Peace is now what NATO does. Peace is armament. Peace is military strength. Peace is not to dialogue but to play it tough. Peace is to never do soul-searching and ask: Did I possibly do something wrong? Peace is arming someone else to fight our enemy, but to not pay a price in human terms ourselves. Peace is to blame everybody else and see the world in black-and-white colours only. Peace is appoint ourselves as the good, innocent and victimised side. And therefore, peace is to legitimate our own ongoing unspeakable brutality, arms addiction and contempt for others.

Furthermore:

Peace is to never mention words such as consultation, mediation, peacekeeping, reconciliation, forgiveness, empathy, mutual understanding, respect, nonviolence, and tolerance – they are all out of time and out of place.

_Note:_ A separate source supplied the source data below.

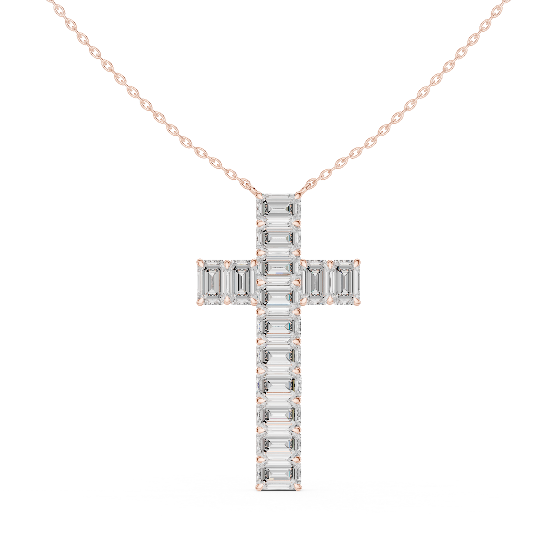 This elegant diamond cross pendant necklace features sleek baguette or emerald-cut diamonds arranged in a refined cross silhouette. The clean lines and step-cut diamonds create a bold yet timeless look, symbolizing faith, strength, and devotion with modern sophistication.
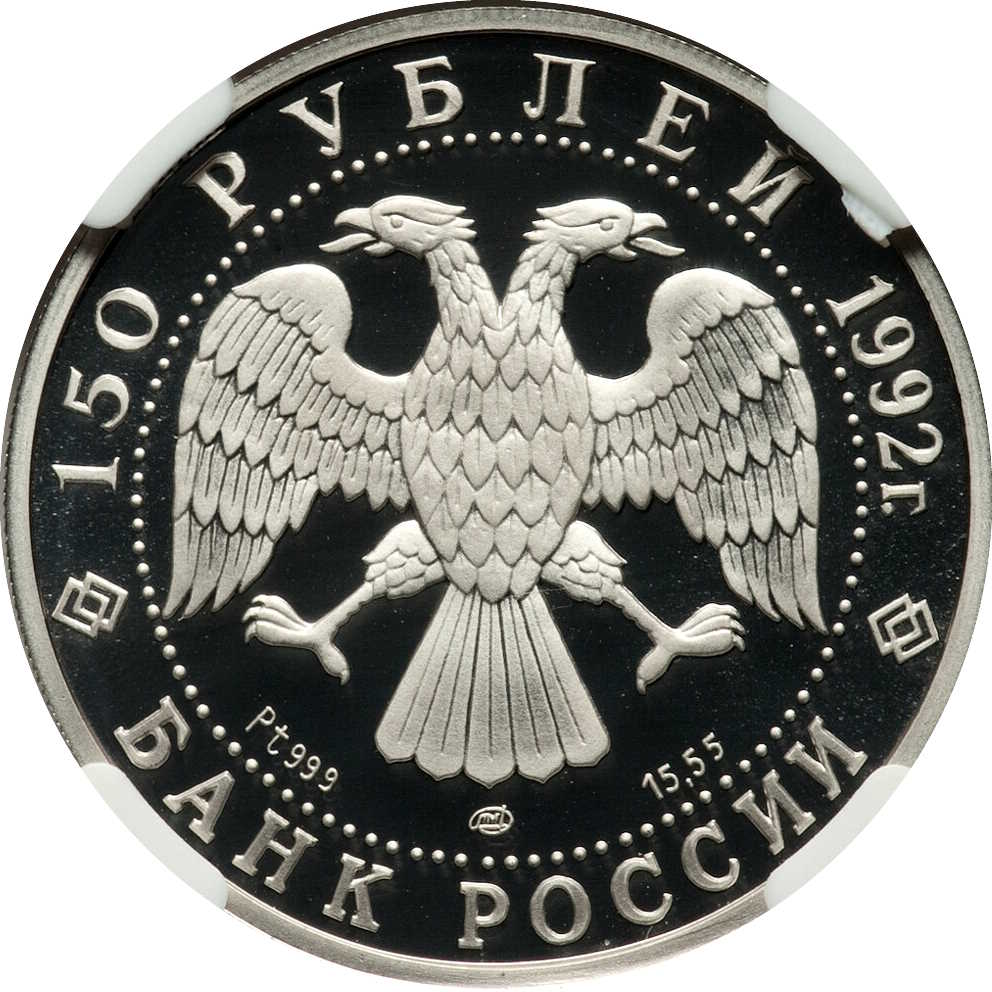 Описание: У центрі диска, в колі з крапками — емблема Банку Росії (двоголовий орел з опущеними крилами), під нею ліворуч — позначення дорогоцінного металу та його проби, в центрі — знак монетного двору, праворуч — вміст дорогоцінного металу; по краю — напівкруглі написи, розділені двома подвійними ромбами, зверху — номінал і рік випуску: «150 РУБЛЕЙ 1992», знизу: «БАНК РОССИИ».
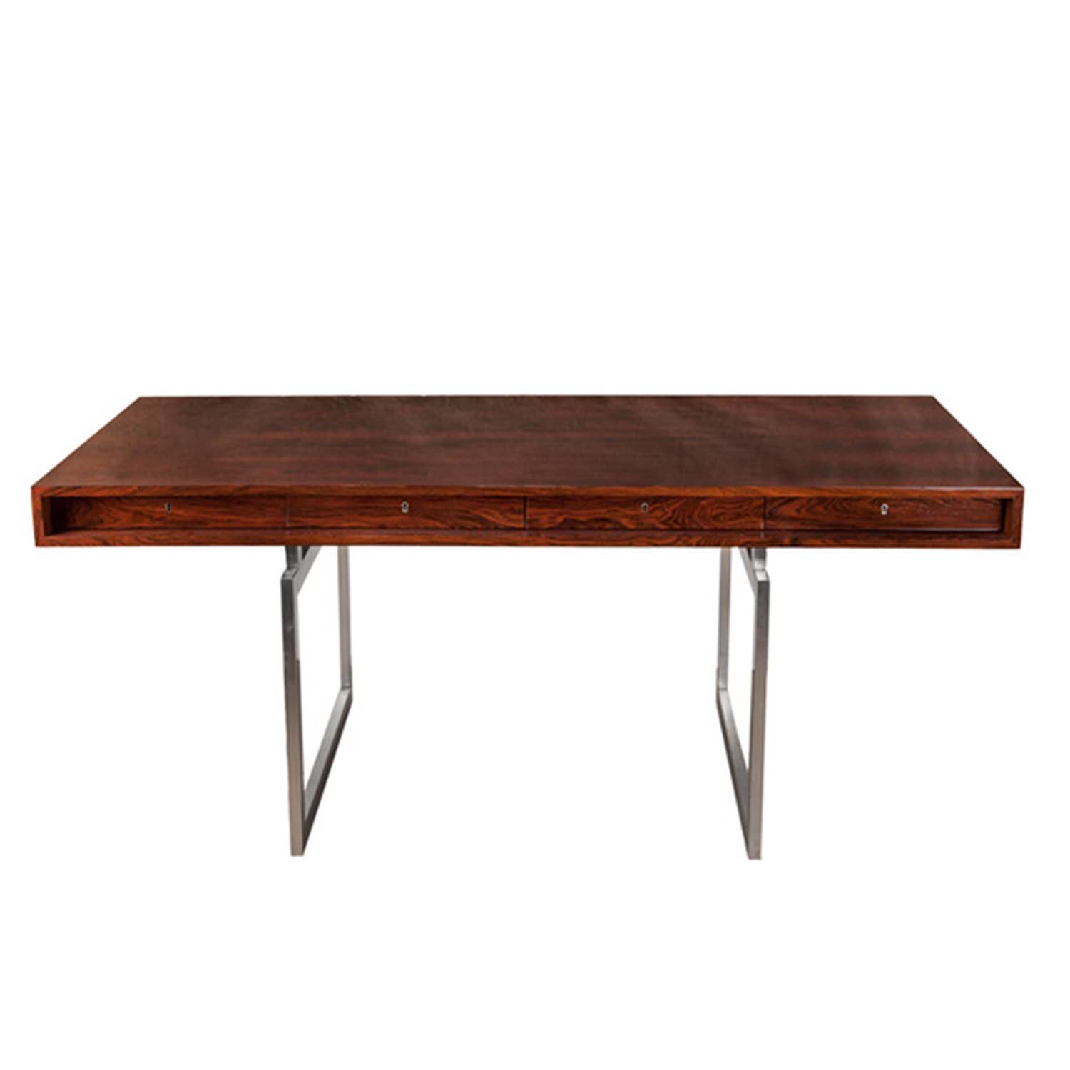 Le bureau 901 conçu pour le Massachusetts Institute of Technology se démarque par sa modularité et son allure moderniste influencée par l’école du Bauhaus. Bodil Kjær recherche l’épure dans l’équilibre des masses. La légère base chromée est constituée de fins modules rectangulaires qui contrastent avec la forte matérialité du plateau en palissandre. Quatre tiroirs en ceinture offrent des rangements discrets. Ce bureau est rendu célèbre par son apparition dans deux films de la série James Bond : Bons baisers de Russie et On ne vit que deux fois, on a également pu l’apercevoir sur les plateaux de télévision de la BBC.

You know this strategy, of course:

“If you tell a lie big enough and keep repeating it, people will eventually come to believe it. The lie can be maintained only for such time as the State can shield the people from the political, economic and/or military consequences of the lie. It thus becomes vitally important for the State to use all of its powers to repress dissent, for the truth is the mortal enemy of the lie, and thus by extension, the truth is the greatest enemy of the State.”

It seems not to be formulated by Goebbels, Hitler’s public relations manager or spin-doctor. A post about The Big Lie at the Jewish Virtual Library informs us that:

“This is an excellent definition of the “Big lie,” however, there seems to be no evidence that it was used by Nazi propaganda chief Joseph Goebbels, though it is often attributed to him… The original description of the big lie appeared in Mein Kampf…”

I’d not be surprised if we shall soon witness similar RIP Prizes given posthumously to, say, Hitler, Mussolini, Stalin or Goebbels… whoever works diligently for the RIP Peace.

For the peace of our times is a RIP peace.

I congratulate the Finnish and Swedish governments to the award – and thank the German prize committee for having made it so clear for the world to see just how fast and far the lemmings of militarism are running towards doom.

Note

You may get much finer insights into these things by watching Harold Pinter’s lecture upon receiving the Nobel Prize in Literature in 2005. Its headline is “Art, Truth And Politics.”

One Response

  1. George Kennan, legendary diplomat under The Cold War, father of Containmant politics that probably saved the world from WW3.:”I think it is the beginning of a new cold war,” said Mr. Kennan from his Princeton home. ”I think the Russians will gradually react quite adversely and it will affect their policies. I think it is a tragic mistake. There was no reason for this whatsoever. No one was threatening anybody else. This expansion would make the Founding Fathers of this country turn over in their graves.